Microbial Ecology of the Built Environment
Urbanization and our increasingly indoor lifestyle have deeply affected how we acquire and interact with our microbiota. At the Gilbert Lab, we are working to answer fundamental questions about our microbial interaction with built environments, including what factors influence their microbial communities and how microbes are transferred throughout these environments. Much of our research relies on longitudinal surveys, including our Home Microbiome Project, which recruited citizen scientists to collect samples of their home and skin microbiota over time, as well as our Hospital Microbiome Project, which collected samples from patients, hospital staff, and surfaces of a newly constructed hospital over the course of its first year. Moreover, humans aren’t the only species who inhabit built environments. We are working with the Shedd Aquarium in Chicago to characterize how the different microbial communities throughout the aquarium are intertwined day-to-day and how they are affected by their surrounding built environment.

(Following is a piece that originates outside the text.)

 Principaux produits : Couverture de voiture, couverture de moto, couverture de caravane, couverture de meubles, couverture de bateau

For instance, we want to know what microorganisms in the water interact with the dolphin’s own microbiome, and which ones could prime the animal’s immune system to make them stronger against invading pathogens.

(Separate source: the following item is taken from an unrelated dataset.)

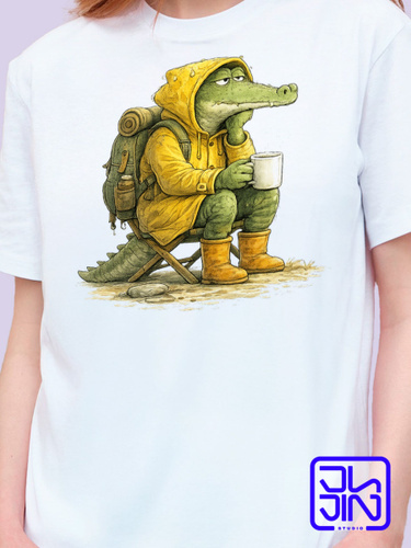 Футболка Jujin Studio классическая женская с авторским принтом Веселый крокодил в выразительной лимонной куртке с рюкзаком на кемпинге, белый хлопковый трикотаж с прикольным рисунком на груди

Environmental Microbial Ecology & Biogeochemistry
Microbiological water quality has broad implications for economic, health, and environmental fluctuations. It is often complicated to monitor pathogens directly as a means to assessing water quality due to their low abundance in natural river systems; in addition, they are often difficult to culture and have intermittent distributions. In conjunction with scientists at Argonne National Laboratory and the Metropolitan Wastewater Reclamation District of Greater Chicago (MWRD), we are striving to develop high-throughput 16S rRNA- and metagenomic-based assays for the assessment of ecosystem health in the Chicago River. Additionally, biogeochemical cycling is crucial to ecosystem functioning in order to maintain a balanced influx and efflux of nutrients. Microorganisms are pivotal in nutrient transformation processes, therefore changes in microbial communities caused by pollutions or anthropological stresses may disrupt the whole ecosystem, including humans. For instance, we are monitoring the impact of the increase in greenhouse gas emissions on microbiomes in urban soil to assess the change in diversity and structure of the overall microbial community as well as the functional groups involved in biogeochemical cycling.
The Human Microbiome
Research has suggested that bacterial probiotic therapy may prevent and reduce the symptoms of depression, possibly through both immune stimulation and the production of neuro-active compounds. Therefore, manipulating the microbial assemblages in the gut could represent a novel therapeutic for perinatal depression. The gut-brain axis mediates the interaction between bacterial communities in the intestine and neurological, immunological and endocrinological processes. Microbial immune activation and neurotransmitter metabolism (e.g. dopamine, 5-Hydroxytryptophan (5-HT), a precursor for serotonin, γ-Aminobutyric acid (GABA), noradrenalin, and acetylcholine) can directly and indirectly influence brain function, especially through the hypothalamic-pituitary-adrenal (HPA) axis. The HPA axis releases corticosteroids (i.e., cortisol) and activates downstream neurons that secrete neurotransmitters (i.e., norepinephrine), which can then modulate the gut ecosystem via immune-mediated antimicrobial peptides. Importantly, many of these interactions can be inhibited by severing the vagus nerve, thus cutting the main communication link between brain and gut.
Medical Implications
The human microbiota consists of 100 trillion microorganisms and vastly outnumbers the human genetic repertoire. These microorganisms have been shown to affect a number of processes, including training the immune system to respond to infections and affecting reproductive health outcomes such as preterm births and post-partem depression. We continue to explore the intricate relationship between our microbiota and our health through our medical research with prominent universities throughout Chicago.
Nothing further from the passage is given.